# MICROPROCESSOR <u>report</u>

Insightful Analysis of Processor Technology

# **XMOS XCORE.AI ADDS VECTOR UNIT**

New Iteration Targets Neural Networks on IoT Devices

By Linley Gwennap (May 4, 2020)

XMOS has extended its microcontroller architecture to incorporate a vector unit that generates up to 51 billion operations per seconds (GOPS). The new Xcore.ai chip retains the company's flexible I/O and DSP capability, allowing it to serve as the main processor in a variety of embedded systems. The best part is the price: it sells for as little as \$1 in high volume. XMOS recently received first silicon and expects production late this year.

The chip features two CPUs that implement the latest version of the company's Xcore architecture. Each runs at 800MHz and, as in previous versions, handles up to eight threads. The new 256-bit vector unit operates on a variety of popular AI data types, including 8-bit integers and binary values. Each core has 512KB of SRAM and 64 bits of flexible I/O, as Figure 1 shows. The chip optionally connects to LPDDR DRAM and provides USB2.0 and MIPI interfaces.

Xcore.ai's main target is intelligent IoT devices for smart-home and industrial deployment. At about 500mW (typical), it's best suited to line-powered and frequently tethered devices. For example, a smart speaker could use one CPU to handle far-field-voice processing and the other to handle speech recognition, employing the core's DSP extensions in the former case and the neural-network acceleration in the latter. The chip's flexible I/O makes it an ideal SoC, letting it connect to almost any low-speed serial or parallel device, including digital microphones and cameras.

# A Teenage Startup

XMOS spun off from the University of Bristol in 2005 and three years later delivered its first product, the XS1, which introduced a custom multithreaded CPU and softwaredriven I/O. The XS2 debuted in 2015, adding DSP capability to the CPUs to allow processing of audio and other signals from the flexible I/O connections. In 2016, the company split in two, with then CEO Nigel Toon taking about a third of the employees to found Graphcore, which has since released a high-performance deep-learning accelerator for data centers (see *MPR 9/17/18*, "Graphcore Makes Big AI Splash"). Mark Lippett became XMOS CEO after the split and now leads a team of about 60 people, most in the UK.

The XS1 and XS2 appeal mainly to low-volume designs that implement custom or unusual interfaces. Having many small design wins that require lots of customer support, XMOS generated revenue of about \$10 million in 2018 and 2019 while incurring sizable losses. To fund its development, the private company has over the years raised nearly \$100 million from major venture-capital firms such as Amadeus and Draper. It expects recent higher-volume design wins for the XS2 to help it achieve breakeven revenue by the end of this year.

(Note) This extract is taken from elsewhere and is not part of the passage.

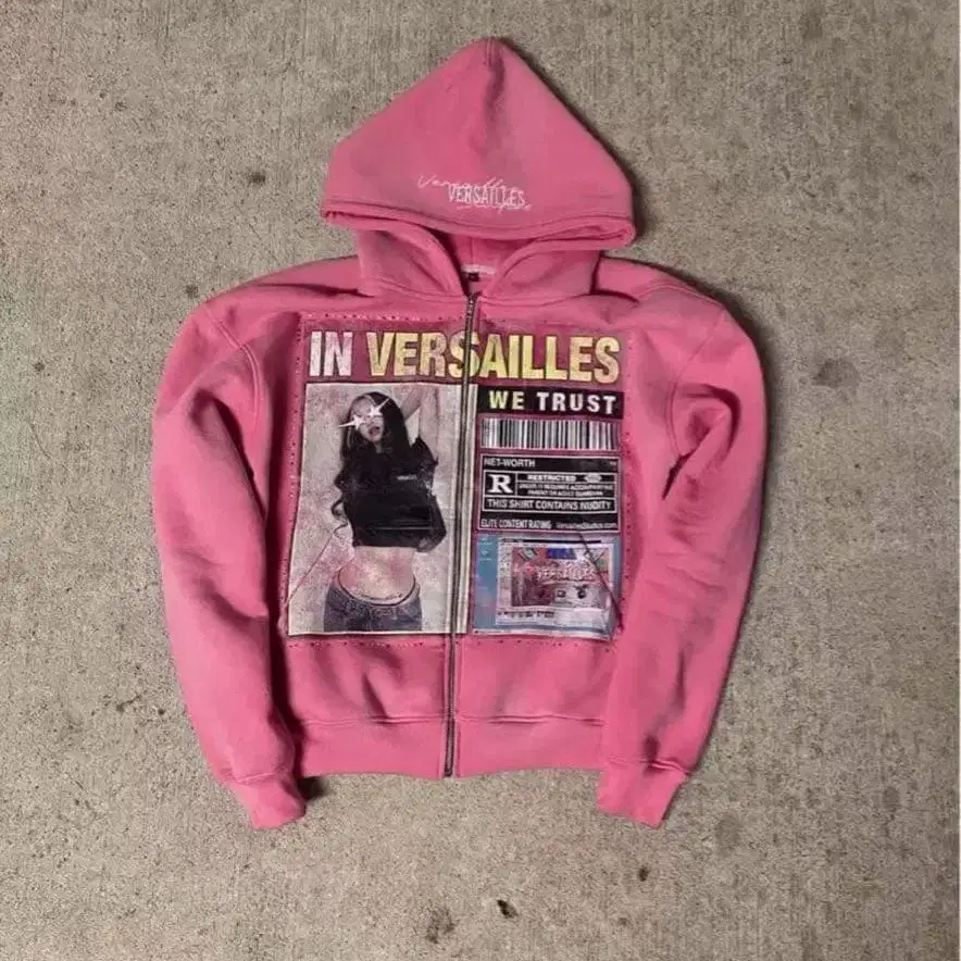 프론트에 유니크한 프린트가 들어간 핑크색 집업 후드티. - 색상: 핑크 - 디자인: 프론트에 프린트 있음 - 스타일: 집업 - 후드: 후드 부착 - 텍스트: IN VERSAILLES WE TRUST 기장 67cm 방문해 주셔서 감사합니다.

**Figure 1. Xcore.ai block diagram.** The SoC contains two Xcores, each acting as eight logical CPUs. Each Xcore has a vector unit and controls 64 GPIO connections that can emulate various protocols.

# Price and Availability

XMOS expects to sample Xcore.ai later this quarter, with production scheduled for the fourth quarter. The chip will sell for about \$2 in 10,000-unit quantities and about \$1 in high volumes. For more information, access www.xmos.com.

The company's flexible I/O relies on Xcore's multithreaded design and real-time capabilities. Each thread is guaranteed a fixed cycle time, so software can precisely control the timing of any general-purpose-I/O (GPIO) signal to emulate standard and custom I/O protocols (see *MPR 8/6/07*, "XMOS Redefines Silicon"). This capability allows Xcore.ai to implement any serial port (e.g., UART, I<sup>2</sup>C, or I<sup>2</sup>S), drive LEDs and other peripherals at 1.8V or 3.3V, and connect to many different sensors. The chip also contains a high-speed USB PHY and MIPI PHY. The twolane MIPI port connects to cameras and other sensors but not to displays. Although a single thread can handle several low-speed serial ports, the USB and MIPI interfaces typically require 2–3 threads each.

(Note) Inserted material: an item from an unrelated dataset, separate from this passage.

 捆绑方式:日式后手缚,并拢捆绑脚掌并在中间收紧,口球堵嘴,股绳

For applications that don't fit into the chip's 1MB of SRAM, designers can add a single LPDDR1 chip through a 16-bit 200MHz interface. Xcore.ai also includes 8KB of one-time-programmable (OTP) ROM. Designers can attach external flash through the flexible I/O. An internal switch connects the two cores at 25Gbps; the design can connect to other chips via four 500Mbps links as well.

#### Extending the Microarchitecture

The Xcore.ai CPU can decode one instruction per cycle, dispatching it to either the scalar unit or the vector unit, as Figure 2 shows. To reduce code space, most instructions require only 16 bits, although a few require 32-bit encodings. The scalar unit handles math and control operations as well as memory accesses (load/store) using 32-bit registers. Each instruction can access 12 scalar registers, and the CPU includes 96 total registers for the eight threads. The



**Figure 2. Xcore microarchitecture.** The multithreaded CPU dispatches instructions to a scalar unit and a vector unit, each with its own register file.

scalar unit generates the effective memory address for both scalar and vector accesses. XMOS rates the 800MHz scalar unit at 1,600 mips on the basis of its many instructions that execute two operations. The scalar unit can also perform 32-bit DSP or floating-point operations at 800Mflop/s.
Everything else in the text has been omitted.